When considering the student-to-teacher ratio, the larger the gap, the less individualized attention your child will receive. In traditional public schools, classrooms can easily fill more than 30 students. Often, students with attention defecit disorder specific needs that require one-on-one instruction are lost in the shuffle. The smaller the classroom, the more engaged your child will be. In specialized schools, there may also be more than one teacher present in the classroom at one time. The more direct interaction your child receives, the more actively they can be engaged in learning.

Teacher Certifications

Teachers in a traditional setting receive standardized training to best serve a large population of students.
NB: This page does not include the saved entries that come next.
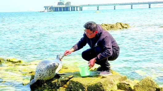 “过来喽,过来喽,来吃饭吧……”只见在不远处游荡的海豹顺着岸边陶志强的呼唤声一溜烟儿地游了过来,“你回来了,你去哪里玩了?回家吃饭吧。”海豹乖巧地仰头听着,好像真能听懂一样。陶志强提着一小桶青鱼踏上礁石,手拿夹子,将鱼肉一块一块地送到它的嘴边。“它特别亲近人,能听懂话,有时候喂食我看不见它,我就会喊一喊,如果它在海里不远的地方,就会立马冒出头游过来找我吃饭。”
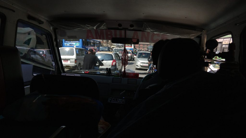 カトマンズの大渋滞の中、サイレンを鳴らして、当たり前のように反対車線を走る救急車。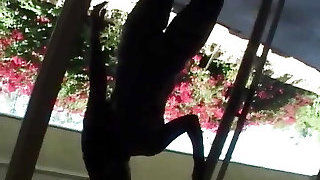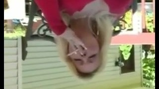 sultry big-titty bi-atch smoking displayed on the balcony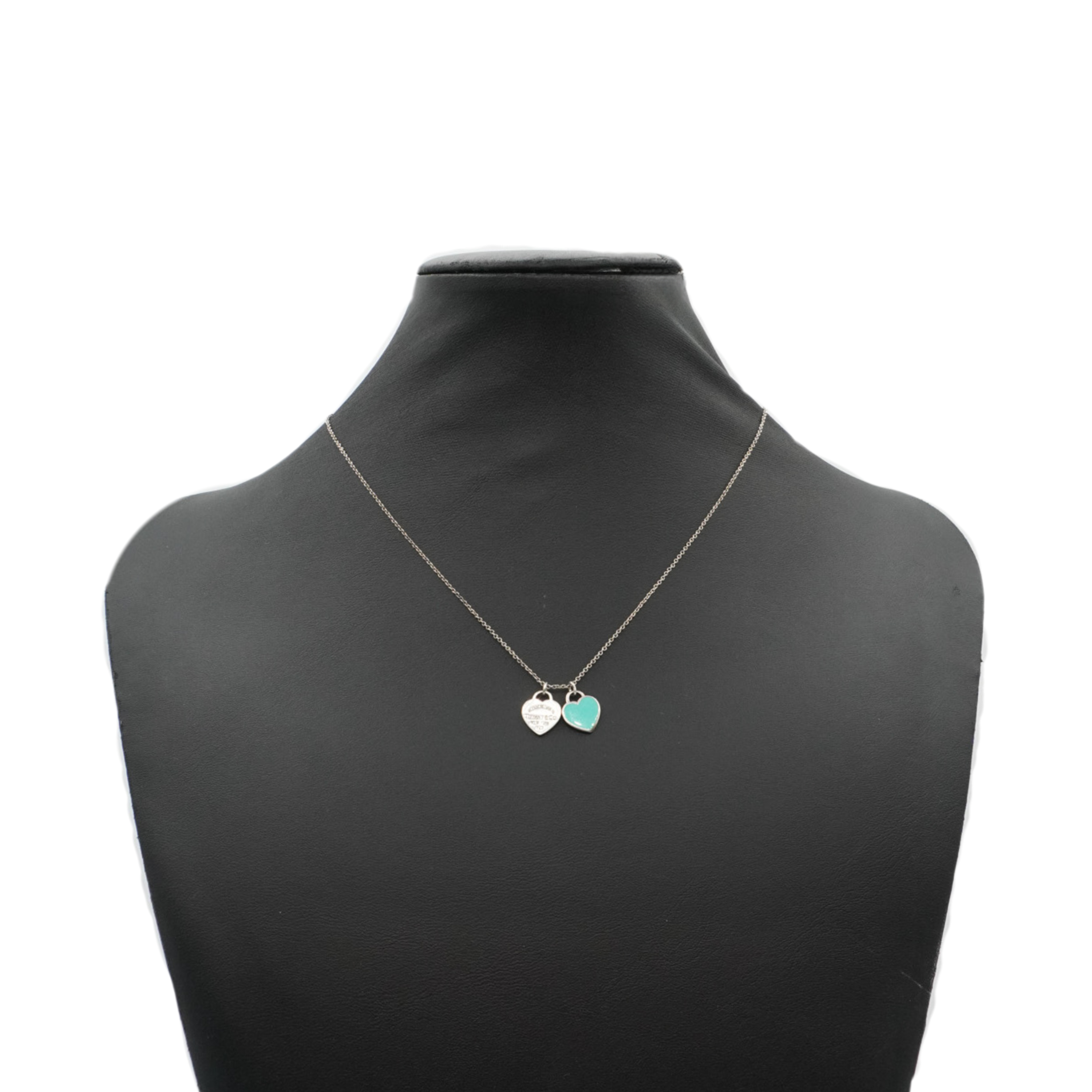 Tiffany & Co. solid sterling silver mini double heart tag pendant with enamel fill and Return to Tiffany engraving on a sterling silver chain.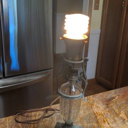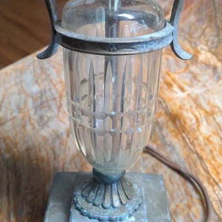 Vintage Crystal Brass lamp brass and crystal works. see pic 14" tall base is 4" x 4" has a newer plug on it no bulb or lamp shade included brass needs polishing if that is what u want.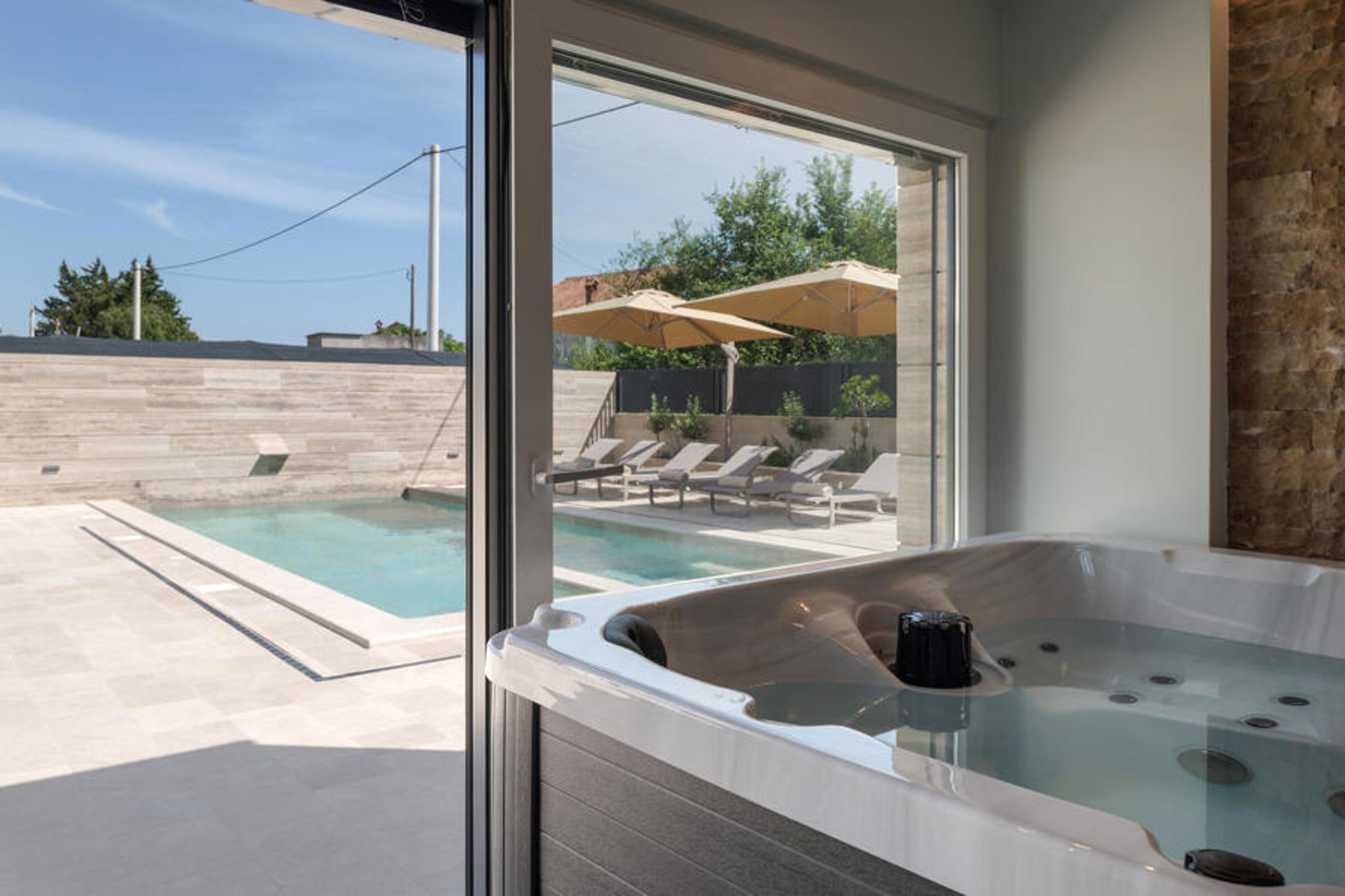 Enjoy a wonderful sea panorama on vacation in this comfortable vacation home with pool and whirlpool.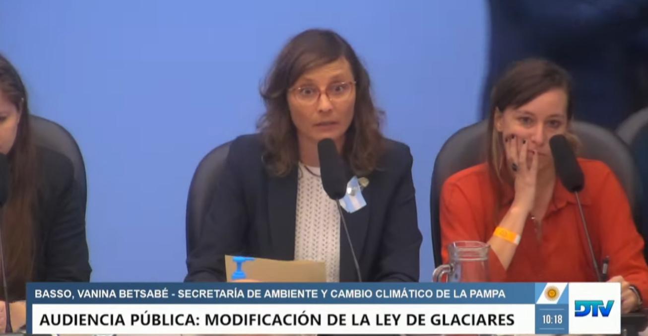 La secretaria de Ambiente y Cambio Climático de La Pampa, Vanina Basso, participó este miércoles por la mañana del debate sobre la posible modificación de la Ley de Glaciares y fijó la posición del gobierno provincial con un rechazo categórico a cualquier flexibilización de la norma.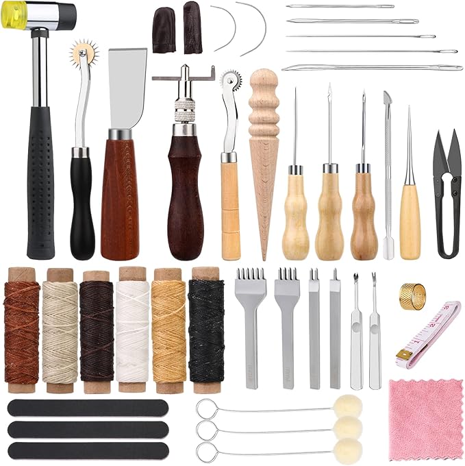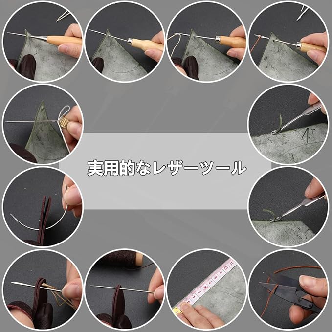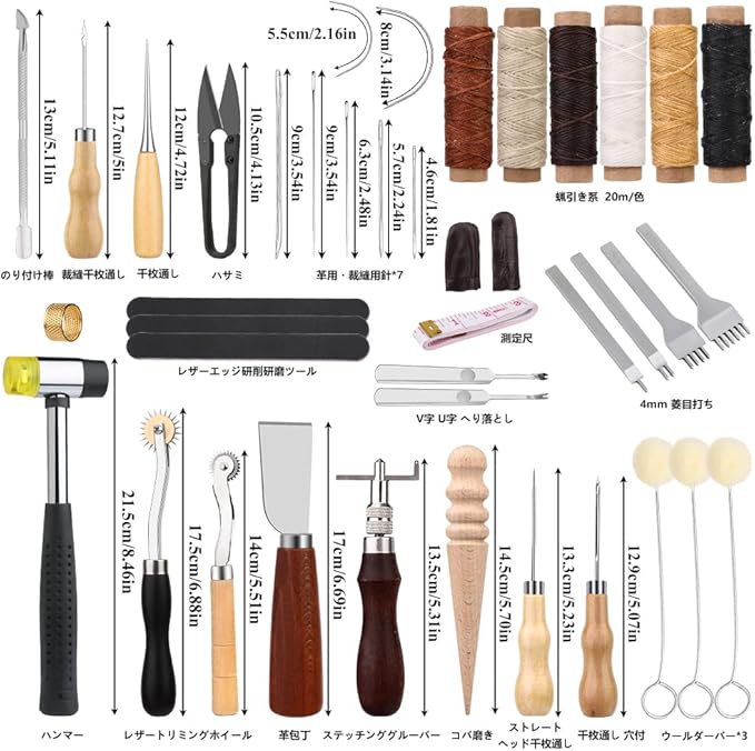 便利な裁縫セット: レザークラフトセットでは、ステッチンググルーバー、ステッチルレット、4本の菱目打ちがセットになっています。菱目穴は縫い目を美しく、均等にします。仕上がりもぐんとよくなります。また、各種のレザー針と高品質のワックス糸を厳選して揃えており、裁縫の出来栄えが多彩になります。

In ADHD schools, instructors are specially trained and certified to meet the unique needs of students with attention deficit. This background allows them to develop specifically targeted lesson plans and present the material in a way that is conducive to the hyperactive learner. Along with this additional training, these instructors also have extensive experience working with students of a similar disposition. Many will also have degrees in special education.

The Curriculum

Gauge the level of homework expected of each student. Large amounts of homework can require a large commitment on the part of the parent. Tutoring and additional assistance may provide the extra guidance your child requires to complete work outside of the structure of the classroom. Will there be large amounts of testing? If so, will the students be answering questions on computers or on paper? Will there be long tests? ADHD schools are able to adapt testing as well as standard instruction to meet the needs of your child. Special accommodations should be made to ensure that your student’s level of learning is effectively assessed rather than their ability to focus.